***** DATA PROVIDED
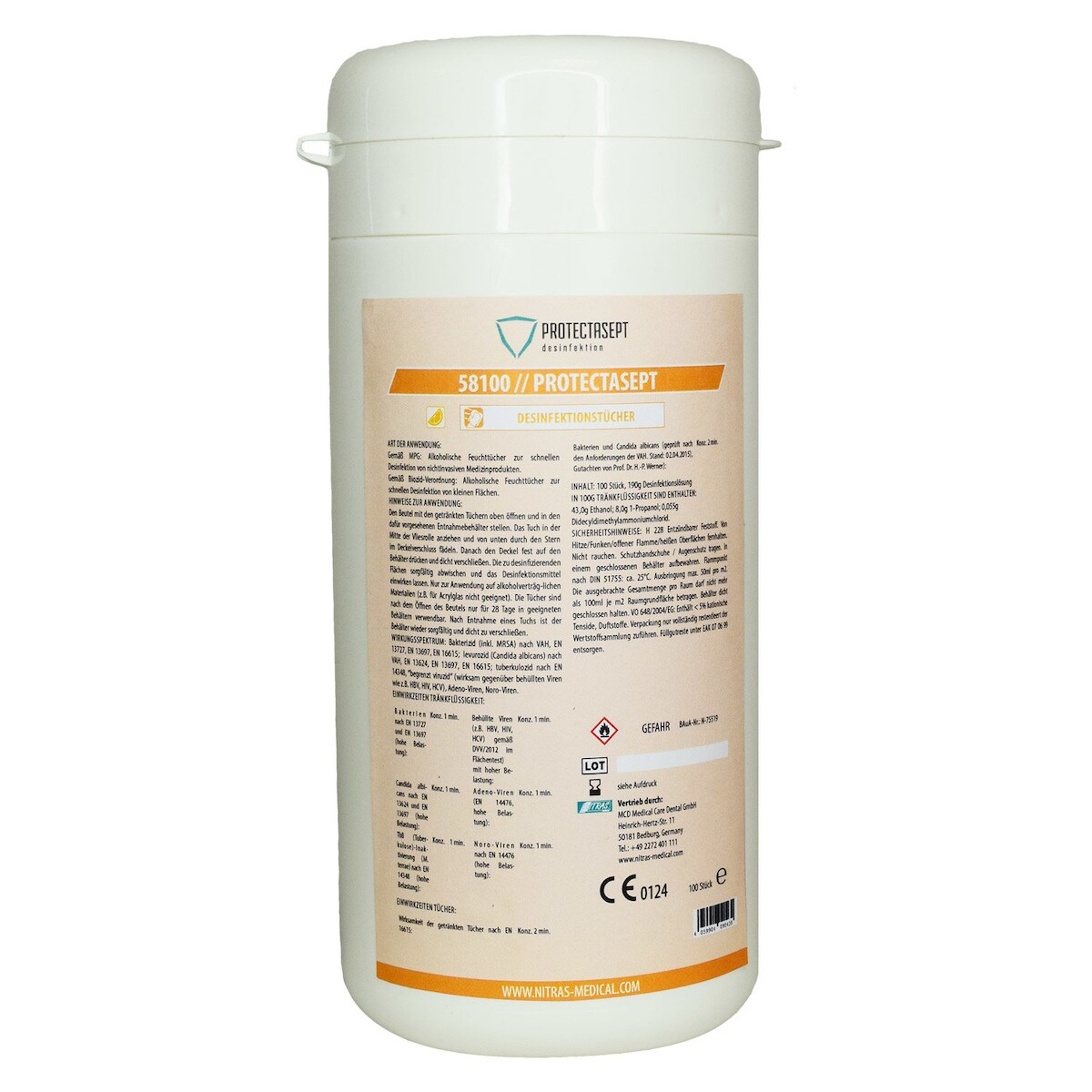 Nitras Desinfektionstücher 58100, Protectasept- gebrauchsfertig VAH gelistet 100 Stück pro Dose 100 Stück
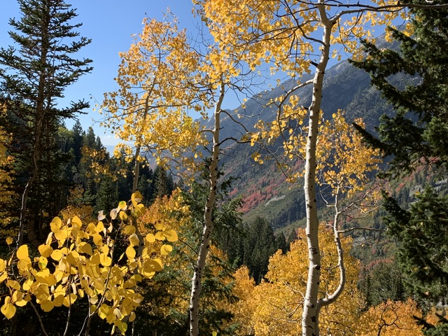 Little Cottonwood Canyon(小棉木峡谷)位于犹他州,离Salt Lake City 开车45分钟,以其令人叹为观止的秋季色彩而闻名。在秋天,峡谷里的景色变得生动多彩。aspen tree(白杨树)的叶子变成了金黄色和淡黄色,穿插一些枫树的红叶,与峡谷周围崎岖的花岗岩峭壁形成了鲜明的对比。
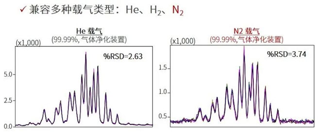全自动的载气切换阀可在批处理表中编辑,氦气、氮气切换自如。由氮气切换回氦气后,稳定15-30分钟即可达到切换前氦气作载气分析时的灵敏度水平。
**********
- WORK REQUIRED
Starting at the line that contains "Little Cottonwood Canyon(小棉木峡谷)位于犹他州,离Salt", write out exactly each line through the last one in the listing above, leaving out the pictures and adding nothing else.

- ANSWER BELOW
 Little Cottonwood Canyon(小棉木峡谷)位于犹他州,离Salt Lake City 开车45分钟,以其令人叹为观止的秋季色彩而闻名。在秋天,峡谷里的景色变得生动多彩。aspen tree(白杨树)的叶子变成了金黄色和淡黄色,穿插一些枫树的红叶,与峡谷周围崎岖的花岗岩峭壁形成了鲜明的对比。
全自动的载气切换阀可在批处理表中编辑,氦气、氮气切换自如。由氮气切换回氦气后,稳定15-30分钟即可达到切换前氦气作载气分析时的灵敏度水平。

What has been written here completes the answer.